* [Problem] In the entries that follow, the lines from the line containing "C10. The Old" up to and including the line containing "West African gold" must be copied exactly, with pictures omitted.

* [Records for processing]
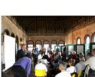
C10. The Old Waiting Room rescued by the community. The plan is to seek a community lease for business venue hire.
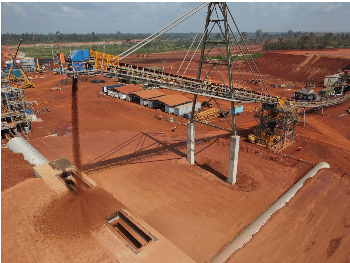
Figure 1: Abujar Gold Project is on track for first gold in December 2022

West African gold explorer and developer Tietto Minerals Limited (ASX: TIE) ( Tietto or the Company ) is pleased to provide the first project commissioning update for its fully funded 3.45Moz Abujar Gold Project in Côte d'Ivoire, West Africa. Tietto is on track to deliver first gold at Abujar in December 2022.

--

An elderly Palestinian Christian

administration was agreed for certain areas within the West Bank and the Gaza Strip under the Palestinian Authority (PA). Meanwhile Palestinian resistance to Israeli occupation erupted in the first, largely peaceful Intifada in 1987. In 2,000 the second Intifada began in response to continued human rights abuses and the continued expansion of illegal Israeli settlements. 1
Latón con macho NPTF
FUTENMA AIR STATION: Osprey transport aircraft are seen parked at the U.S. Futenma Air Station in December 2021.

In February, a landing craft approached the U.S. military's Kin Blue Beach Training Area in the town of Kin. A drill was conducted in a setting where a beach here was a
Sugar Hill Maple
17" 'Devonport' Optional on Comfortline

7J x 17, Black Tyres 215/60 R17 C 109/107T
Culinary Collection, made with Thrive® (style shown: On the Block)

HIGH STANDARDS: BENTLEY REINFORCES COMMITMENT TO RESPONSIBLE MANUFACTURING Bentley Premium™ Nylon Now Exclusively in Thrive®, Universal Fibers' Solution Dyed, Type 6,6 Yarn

==

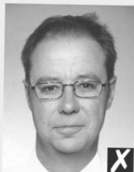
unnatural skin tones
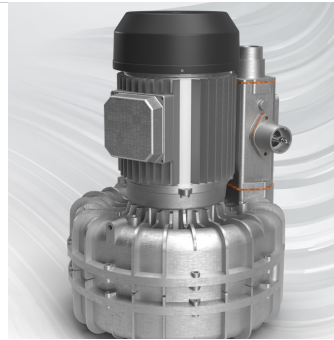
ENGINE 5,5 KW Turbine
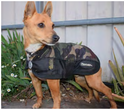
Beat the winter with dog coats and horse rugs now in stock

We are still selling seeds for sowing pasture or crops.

* [Solution]
C10. The Old Waiting Room rescued by the community. The plan is to seek a community lease for business venue hire.
Figure 1: Abujar Gold Project is on track for first gold in December 2022

West African gold explorer and developer Tietto Minerals Limited (ASX: TIE) ( Tietto or the Company ) is pleased to provide the first project commissioning update for its fully funded 3.45Moz Abujar Gold Project in Côte d'Ivoire, West Africa. Tietto is on track to deliver first gold at Abujar in December 2022.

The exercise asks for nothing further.